HC Deb 15 December 1999 vol 341 cc257-9
3. Mr. Gordon Prentice (Pendle)

What plans she has to change the designation, role and employment conditions of permanent secretaries. [101544]

The Minister for the Cabinet Office (Marjorie Mowlam)

I have no plans to do so but, as my right hon. Friend the Prime Minister explained in his answer to a parliamentary question today, the permanent secretary heads of Department are themselves driving forward a radical programme of civil service reform. That will involve them adopting a corporate leadership role and participating in a management board for the civil service under the chairmanship of Sir Richard Wilson. That represents a major programme of change that will affect staff at all levels, including permanent secretaries.

Mr. Prentice

I take it from my right hon. Friend's answer that Sir Humphrey Appleby is dead and buried. If we are to have a new breed of civil servants delivering on the targets on which new Labour places such great store, surely there must be absolute transparency. Those who criticise us for politicising the civil service should get short shrift because new Labour would never do that.

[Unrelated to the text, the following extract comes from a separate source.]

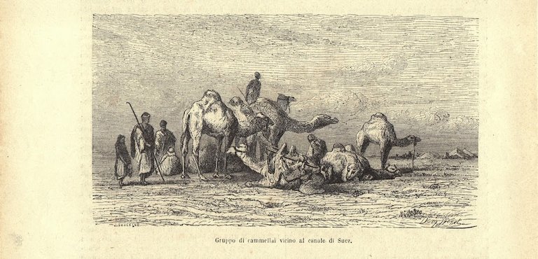 Gruppo di cammellai vicino al canale di Suez. Stampa 1863.

There have been suggestions that my right hon. Friend the Prime Minister, to keep a grip on Whitehall, wants to establish a Prime Minister's Department, perhaps allied with the Cabinet Office. Has my right hon. Friend any comments to make on that speculation?

Marjorie Mowlam

My hon. Friend referred to Sir Humphrey. I had my trouble when I started working with the civil service and I did not find it easy. However, over the years of working with members of it, I have come to respect the work that they do and the impartiality and propriety that they bring to the job. I am not sure that my hon. Friend's initial comments are in any way helpful or constructive.

We support my hon. Friend's point about transparency. When he has had the chance to read all of "Modernising government", which relates to the public service, he will recognise that transparency is a crucial part of it.

The answer to the last part of my hon. Friend's question is no.

Mr. Paul Tyler (North Cornwall)

Does the Minister recognise that there is a remarkable coincidence, because the report to which she has referred appears just two days before the end of the evidence-taking sessions of the Phillips inquiry into BSE? Sir Richard Wilson's report on behalf of the permanent secretaries is apparently suggesting an extension of performance-related pay. Will the right hon. Lady give an undertaking that if there is any repetition of the bungles that were obviously characteristic of the previous Government over BSE, there will be reductions in the pay of higher civil servants?

Marjorie Mowlam

I get the gist of the point that the hon. Gentleman is making but the nature of the report is for the civil service. It is implementing it and it is in consultation over it. I am sure that those responsible have heard the hon. Gentleman's point.

Dr. Tony Wright (Cannock Chase)

Will my right hon. Friend confirm that as a result of today's report from the head of the home civil service to my right hon. Friend the Prime Minister, the permanent secretaries of the future will have experience of front-line delivery of services, experience of operational management and experience outside Whitehall?

Marjorie Mowlam

Obviously, I cannot give such a guarantee, but I can say that the appointments will be open and transparent. One of the objects of the report is to encourage greater exchange between the public and private sectors, and between the voluntary sector and both, so that best practice and good experience are shared. The process will be open and transparent. There will be some secondees—there are at present more than 100— from the private to the public sector. I hope, as does the head of the civil service, that that arrangement will continue. It is a two-way street, which can only promote the efficient use of taxpayers' money and more effective services.

Mr. Andrew Lansley (South Cambridgeshire)

Will the right hon. Lady confirm that Sir Richard Wilson's report includes among the core values of the civil service its political impartiality? Will she therefore give the House two assurances—first, that the performance measures for which permanent secretaries will be held responsible will be in relation to targets for which they are directly responsible as administrators, not targets derived from the policy decisions of Ministers, for which Ministers should be held accountable?

Secondly, given the undermining of political impartiality by political appointments such as the Prime Minister's chief press spokesman and the chief economic adviser to the Treasury, will the right hon. Lady guarantee that no further appointments in the senior civil service will be made on a political, rather than an independent, basis?

Marjorie Mowlam

To deal with the final point first, unfounded accusations are not helpful to either party in government. I could stand at the Dispatch Box and list appointments under the previous Government, such as that of the then Mr. Burns, but that would get us nowhere. We do not make political appointments to civil service posts. The political advisers are a valuable asset because they provide a political dimension alongside the civil service. Impartiality is crucial; it exists and will continue.

On performance targets, I suggest that the hon. Gentleman reads the report. They are Department-linked, and I believe that that will continue.